**Materials provided**

---

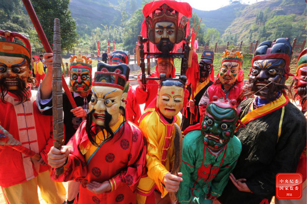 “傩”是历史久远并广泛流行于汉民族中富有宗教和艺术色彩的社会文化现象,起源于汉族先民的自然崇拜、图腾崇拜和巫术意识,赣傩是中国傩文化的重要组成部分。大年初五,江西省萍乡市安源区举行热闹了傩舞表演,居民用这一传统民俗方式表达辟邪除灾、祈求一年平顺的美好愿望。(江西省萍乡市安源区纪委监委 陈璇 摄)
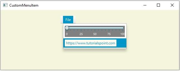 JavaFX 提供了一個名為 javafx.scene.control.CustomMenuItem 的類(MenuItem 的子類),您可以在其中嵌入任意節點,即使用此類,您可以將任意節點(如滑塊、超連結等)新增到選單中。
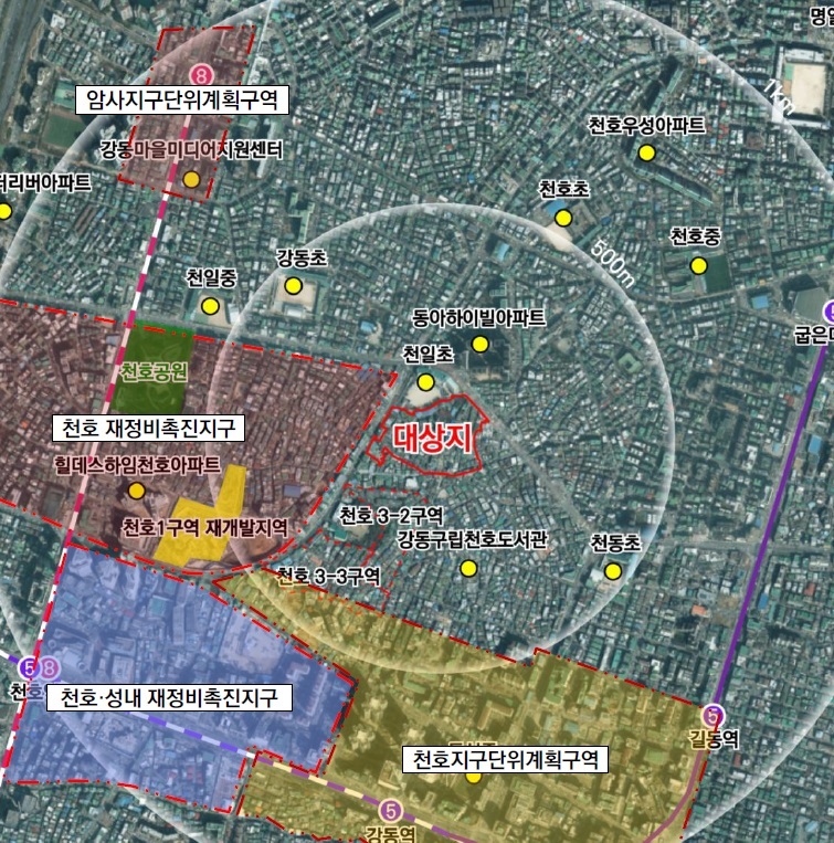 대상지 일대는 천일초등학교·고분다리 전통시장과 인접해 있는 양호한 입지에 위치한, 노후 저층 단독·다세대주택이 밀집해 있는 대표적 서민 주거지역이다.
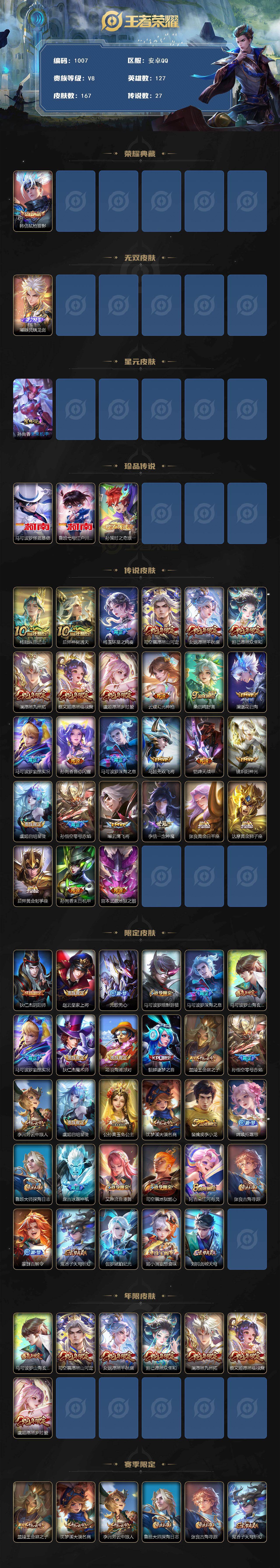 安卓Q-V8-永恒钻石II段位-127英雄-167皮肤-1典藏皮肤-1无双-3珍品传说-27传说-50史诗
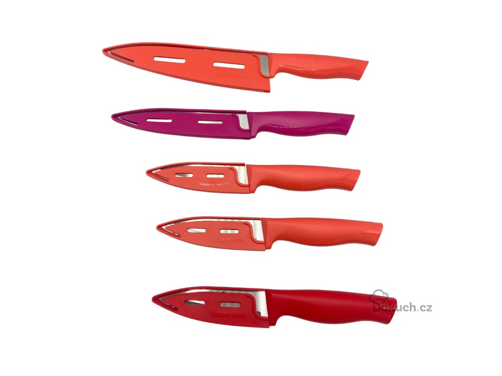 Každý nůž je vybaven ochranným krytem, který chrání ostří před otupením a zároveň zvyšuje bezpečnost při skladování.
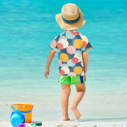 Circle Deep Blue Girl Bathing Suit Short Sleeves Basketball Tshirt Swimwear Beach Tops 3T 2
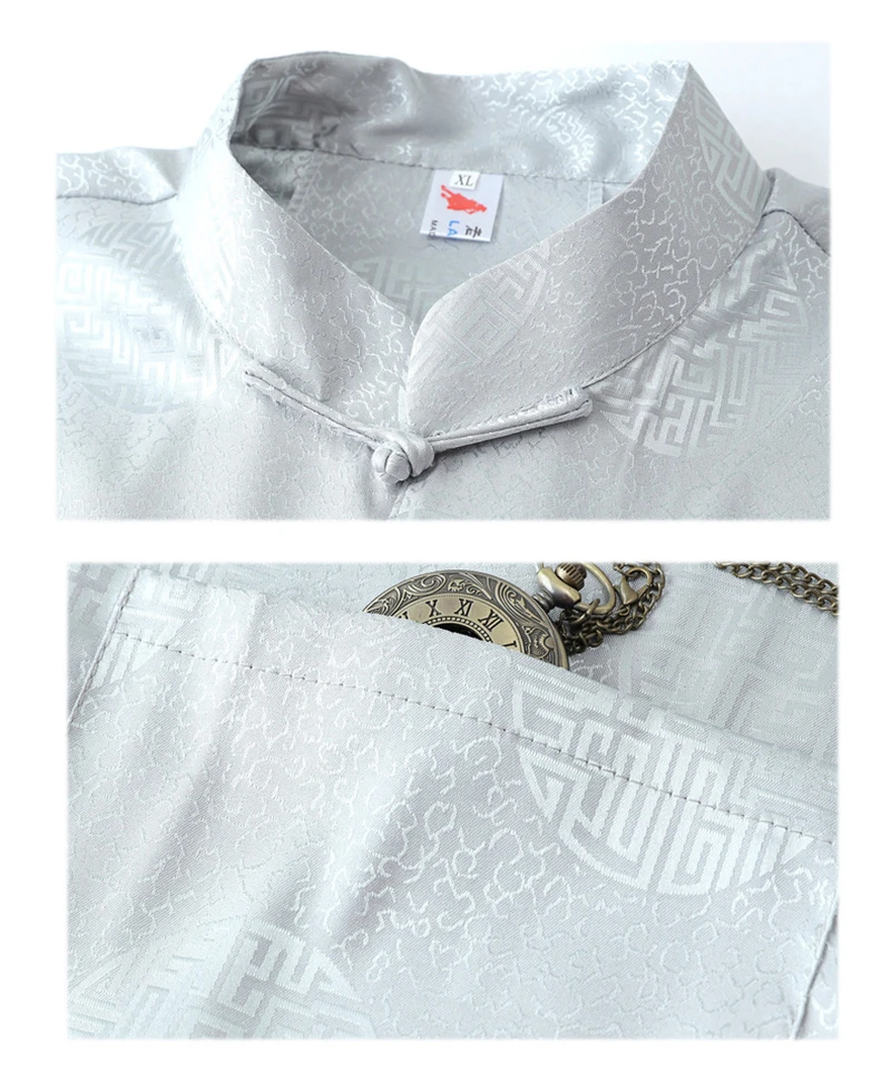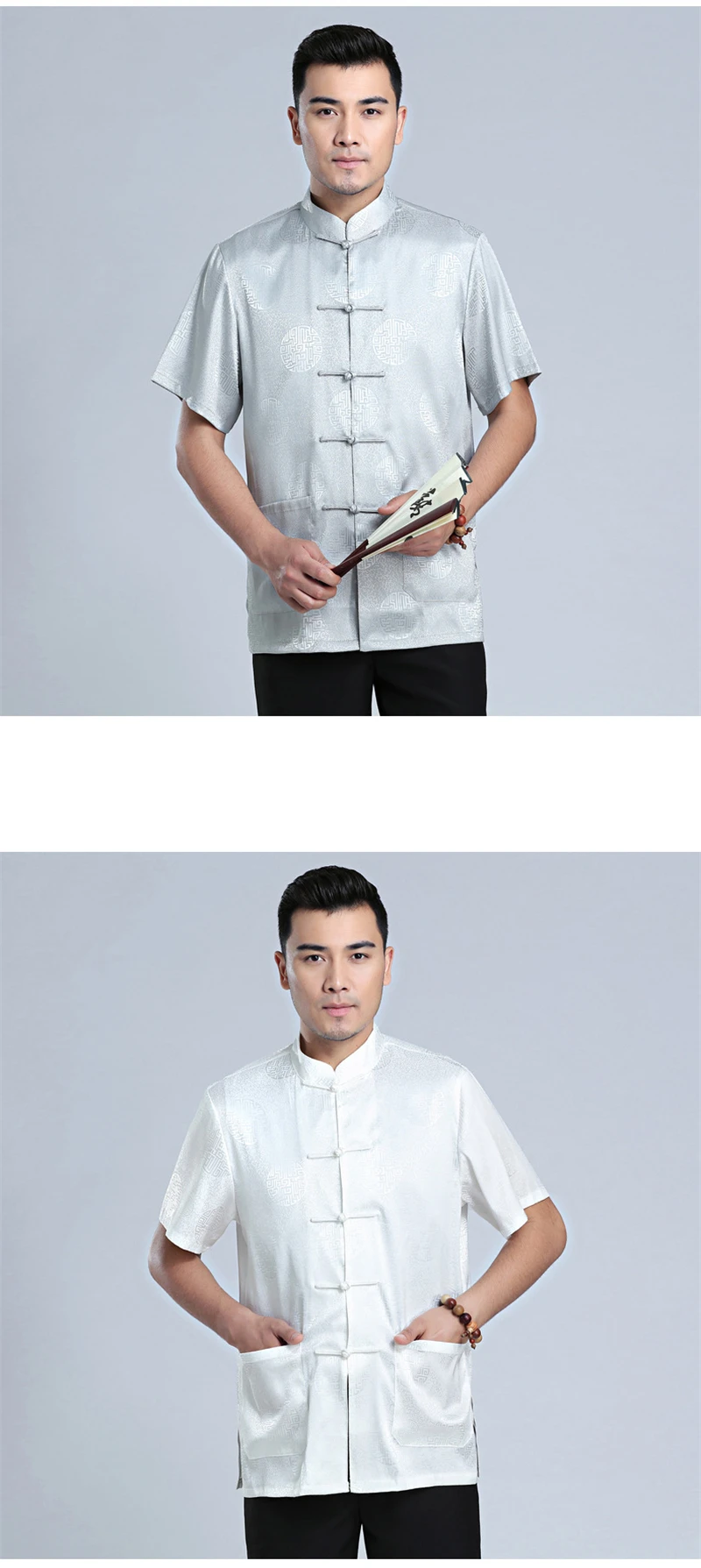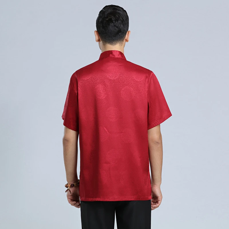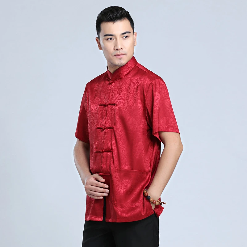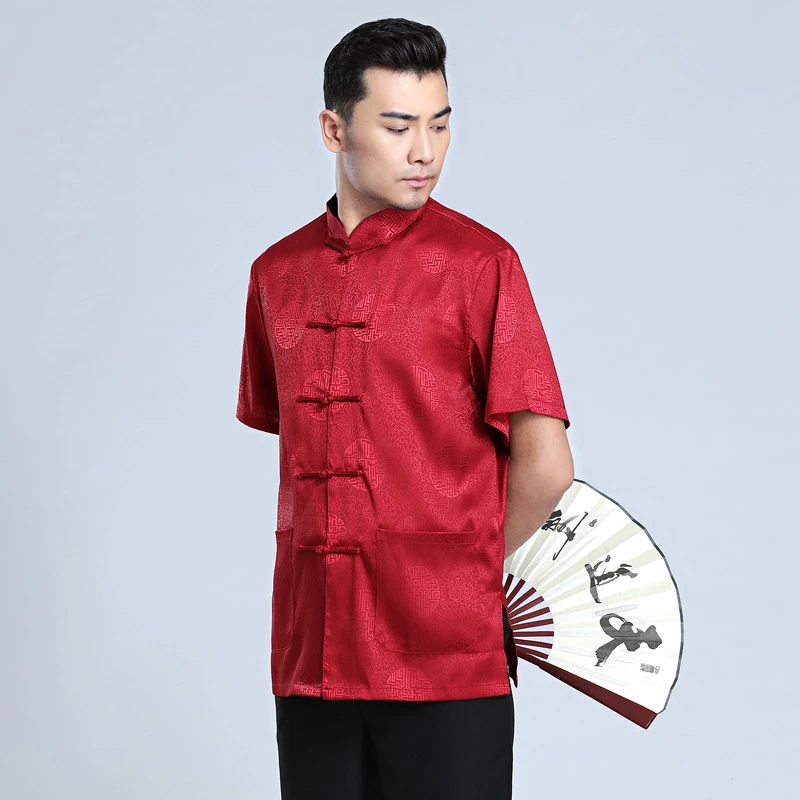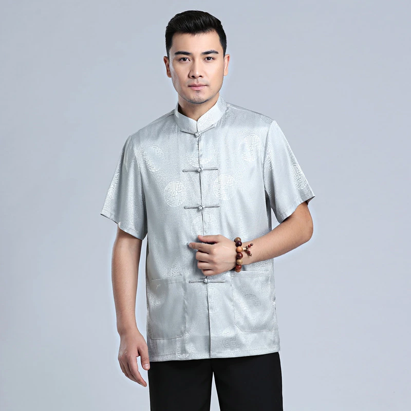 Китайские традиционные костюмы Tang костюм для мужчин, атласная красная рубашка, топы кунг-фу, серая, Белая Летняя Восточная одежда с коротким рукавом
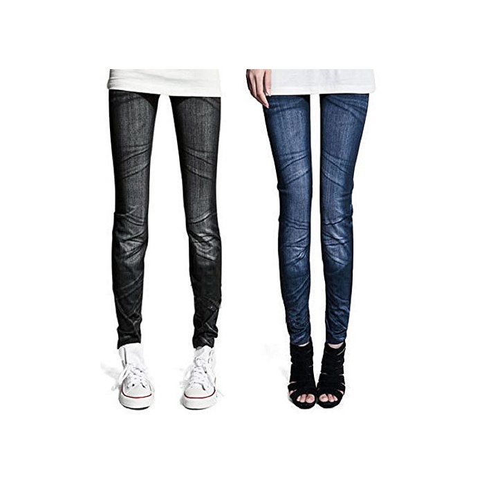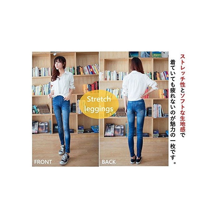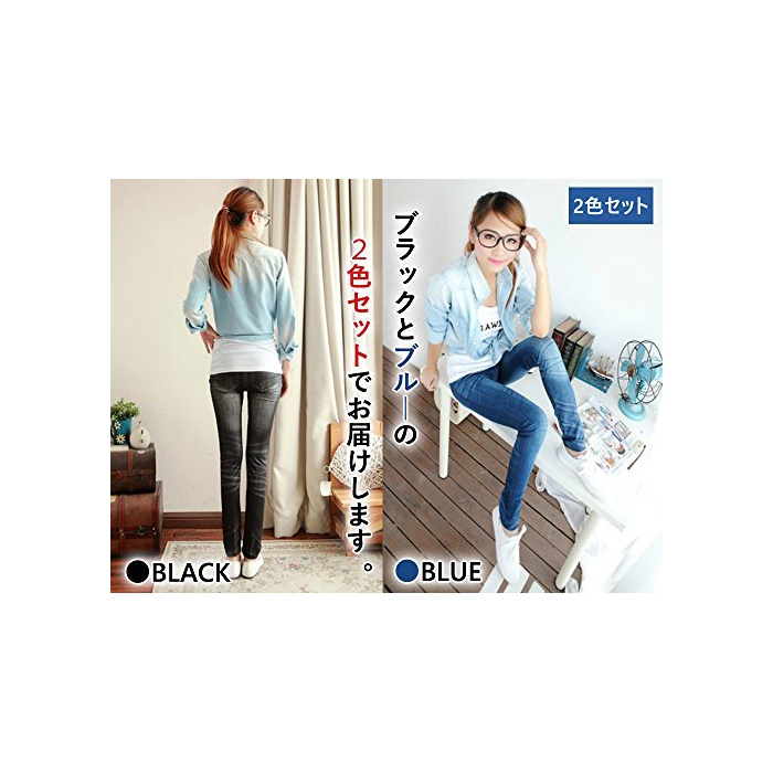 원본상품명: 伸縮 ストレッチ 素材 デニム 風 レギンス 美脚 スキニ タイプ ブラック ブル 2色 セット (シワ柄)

---

**Exercise directions**
Take the entries above and copy exactly the lines starting at the one with "대상지 일대는 천일초등학교·고분다리" and ending at the one with "Každý nůž je"; nothing outside that span, and no pictures.

**Reply to the exercise**
 대상지 일대는 천일초등학교·고분다리 전통시장과 인접해 있는 양호한 입지에 위치한, 노후 저층 단독·다세대주택이 밀집해 있는 대표적 서민 주거지역이다.
 安卓Q-V8-永恒钻石II段位-127英雄-167皮肤-1典藏皮肤-1无双-3珍品传说-27传说-50史诗
 Každý nůž je vybaven ochranným krytem, který chrání ostří před otupením a zároveň zvyšuje bezpečnost při skladování.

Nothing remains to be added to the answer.